Fly.io Postgres cluster down for 3 days, no word from them about it

(webcache.googleusercontent.com)

Show context

throwawaaarrgh ◴[21 Jul 23 13:08 UTC] No.36813314[source]▶

>>36808296 (OP) #

There's a lot of bullshit in this HN thread, but here's the important takeaway:

- it seems their staff were working on the issue before customers noticed it.

- once paid support was emailed, it took many hours for them to respond.

- it took about 20 hours for an update from them on the downed host.

- they weren't updating their users that were affected about the downed host or ways to recover.

- the status page was bullshit - just said everything was green even though they told customers in their own dashboard they had emergency maintenance going on.

I get that due to the nature of their plans and architecture, downtime like this is guaranteed and normal. But communication this poor is going to lose you customers. Be like other providers, who spam me with emails whenever a host I'm on even feels ticklish. Then at least I can go do something for my own apps immediately.

replies(6): >>36814300 #>>36814376 #>>36814608 #>>36814689 #>>36816612 #>>36817532 #

seti0Cha ◴[21 Jul 23 14:36 UTC] No.36814300[source]▶

>>36813314 #

Not a great summary from my perspective. Here's what I got out of it:

- Their free tier support depended on noticing message board activity and they didn't.

- Those experiencing outages were seeing the result of deploying in a non-HA configuration. Opinions differ as to whether they were properly aware that they were in that state.

- They had an unusually long outage for one particular server.

- Those points combined resulted in many people experiencing an unexplained prolonged outage.

- Their dashboard shows only regional and service outages, not individual servers being down. People did not realize this and so assumed it was a lie.

- Some silliness with Discourse tags caused people to think they were trying to hide the problems.

In short, bad luck, some bad procedures from a customer management POV, possibly some bad documentation resulted in a lot of smoke but not a lot of fire.

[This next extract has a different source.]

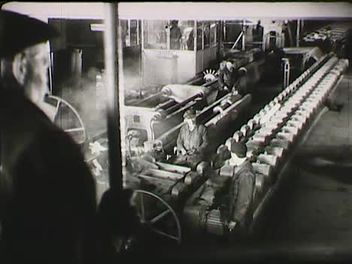 Hengersori munkaképek a csepeli Rákosi Művek csőgyárában (hengerelt anyag méretellenőrzése tolómérővel, az egyik hengerész fején házilag készített védőfelszerelés (kopott kalapból készült "maszk" rajta vágott két lyukkal a szemek számára ezt húzza az arca elé a férfi, miközben a kemencében lévő anyaggal dolgozik). Csőgyártó gépsor és kezelőszemélyzet munkája. A csőgyártó üzemben elkészült munkadarabok raktározása a gyár udvarán (anyagmozgatás sínpályán mozgó daruval).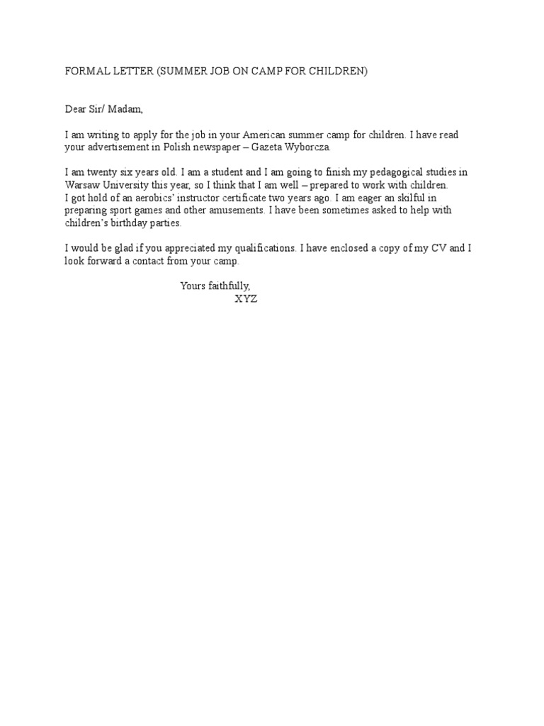 The hiring manager should have no doubt about your emotional intelligence and ability to relate to children when they reach the end of your cover letter. Customer Liaison Officer Cover Letter Example. Date of Sending The Summer Job Cover Letter.

replies(2): >>36814431 #>>36814471 #

tptacek ◴[21 Jul 23 14:47 UTC] No.36814431[source]▶

>>36814300 #

Apologies for repeating myself, but:

You get to a certain number of servers and the probability on any one day that some server somewhere is going to hiccup and bounce gets pretty high. That's what happened here: a single host in Sydney, one of many, had a problem.

When we have an incident with a single host, we update a notification channel for people with instances on that host. They are a tiny sliver of all our users, but of course that's cold comfort for them; they're experiencing an outage! That's what happened here: we did the single-host notification thing for users with apps on that Sydney host.

Normally, when we have a single-host incident, the host is back online pretty quickly. Minutes, maybe double-digit minutes if something gnarly happened. About once every 18 months or so, something worse than gnarly happens to a server (they're computers, we're not magic, all the bad things that happen to computers happen to us too). That's what happened here: we had an extended single-host outage, one that lasted over 12 hours.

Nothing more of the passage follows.